私は、今回のマインツ研修で主に社会福祉制度について学びました。その中でも私が特に興味深かったことは、移民・難民が社会福祉の対象であることです。マインツの施設は、移民・難民のために、文化やその風習に柔軟に対応しています。また、マインツの社会福祉施設の背景にはいつも家族がいて、どうすれば安心した生活ができるか常に考えられていることに感銘を受けました。

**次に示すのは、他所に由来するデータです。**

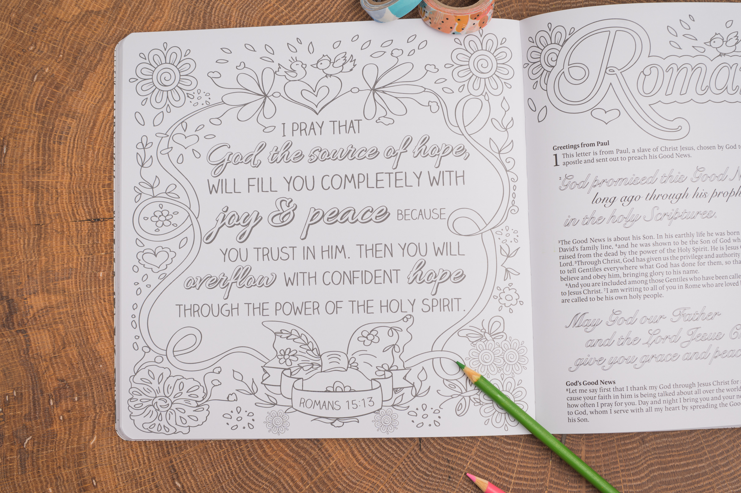Inspire: Acts & Romans includes all the cherished features from the bestselling Inspire Bible displayed beautifully in a coloring-book-style, square-trimmed edition that features high-quality art paper. Inspire: Acts & Romans features full- and partial-page Scripture line-art illustrations, plus words to color right within the Bible text to inspire Scripture meditation and response.

私は外国のコミュニケーション方法に興味があり、今まで、特に焦点を置いて学んできました。今回の研修で、私が今まで学んできた外国のコミュニケーション方法は一概には、全ての国で共通するものではないと感じました。今回はドイツの方々について知ることができましたが、他のヨーロッパ圏の人や、それ以外の国についても、より一層学びたいという思いが強くなりました。

児童保育学科3年 下田 千尋

充実した10日間の中で一番印象に残っていることは現地の人たちとの交流です。私はこの研修に参加してたくさんの人に出会いました。交流を通して自分の考えを伝えること、そして相手の考えを受け入れることの大切さを学びました。今回の研修で出会った人たちは文化も言葉も違い、自分の意思を伝えることはとても難しく、“どうすれば相手に伝わるか”を一生懸命考えながらコミュニケーションを図りました。
保育の現場では子どもたちの学びや育ちを支え、子育ての支援をするために子どもたちやその周りの大人とコミュニケーションを図る機会が多くあります。それだけでなく、これから出ていく社会においてもコミュニケーション能力が必要です。これからも積極的に文化や考えの違う人たちとも交流を図り、コミュニケーション能力を向上させていきたいです。